Data shown |
»»
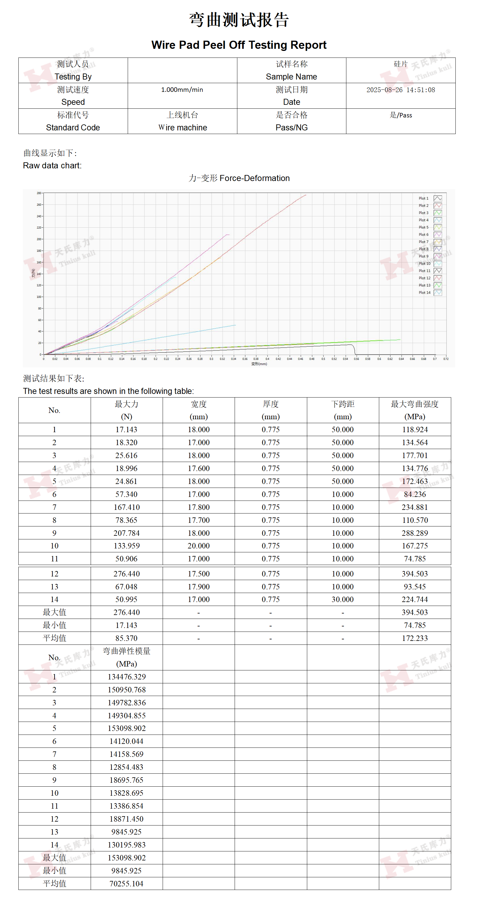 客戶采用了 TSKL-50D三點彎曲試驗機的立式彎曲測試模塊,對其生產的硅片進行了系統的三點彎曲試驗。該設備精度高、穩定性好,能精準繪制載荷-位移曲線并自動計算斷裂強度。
««
»»
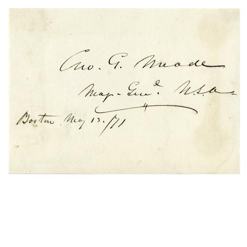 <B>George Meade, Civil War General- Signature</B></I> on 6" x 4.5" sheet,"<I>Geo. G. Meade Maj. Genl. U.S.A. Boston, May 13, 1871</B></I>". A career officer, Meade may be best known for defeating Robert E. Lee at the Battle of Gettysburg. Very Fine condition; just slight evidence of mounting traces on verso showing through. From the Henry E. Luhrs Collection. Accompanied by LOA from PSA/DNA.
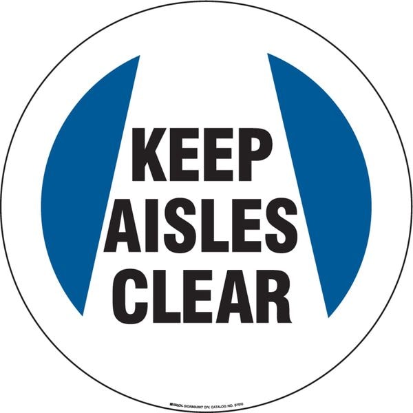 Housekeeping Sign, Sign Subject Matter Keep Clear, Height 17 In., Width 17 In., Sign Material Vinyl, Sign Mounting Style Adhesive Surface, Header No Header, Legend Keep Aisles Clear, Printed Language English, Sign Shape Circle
««
»»
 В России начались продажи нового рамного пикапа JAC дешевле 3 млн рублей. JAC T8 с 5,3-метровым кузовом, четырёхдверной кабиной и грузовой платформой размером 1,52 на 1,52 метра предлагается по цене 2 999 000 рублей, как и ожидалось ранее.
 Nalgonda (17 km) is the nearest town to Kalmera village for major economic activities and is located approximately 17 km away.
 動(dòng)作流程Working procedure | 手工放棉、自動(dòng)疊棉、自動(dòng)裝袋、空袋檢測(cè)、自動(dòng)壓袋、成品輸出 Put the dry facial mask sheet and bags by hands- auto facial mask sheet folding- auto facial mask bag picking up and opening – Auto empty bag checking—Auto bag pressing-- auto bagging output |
««
Exercise prompt | Here the job is to set down exactly the lines of the material above that fall between the one with "В России начались" and the one with "動(dòng)作流程Working procedure |", inclusive, and nothing beyond them.

Problem solution |
 В России начались продажи нового рамного пикапа JAC дешевле 3 млн рублей. JAC T8 с 5,3-метровым кузовом, четырёхдверной кабиной и грузовой платформой размером 1,52 на 1,52 метра предлагается по цене 2 999 000 рублей, как и ожидалось ранее.
 Nalgonda (17 km) is the nearest town to Kalmera village for major economic activities and is located approximately 17 km away.
 動(dòng)作流程Working procedure | 手工放棉、自動(dòng)疊棉、自動(dòng)裝袋、空袋檢測(cè)、自動(dòng)壓袋、成品輸出 Put the dry facial mask sheet and bags by hands- auto facial mask sheet folding- auto facial mask bag picking up and opening – Auto empty bag checking—Auto bag pressing-- auto bagging output |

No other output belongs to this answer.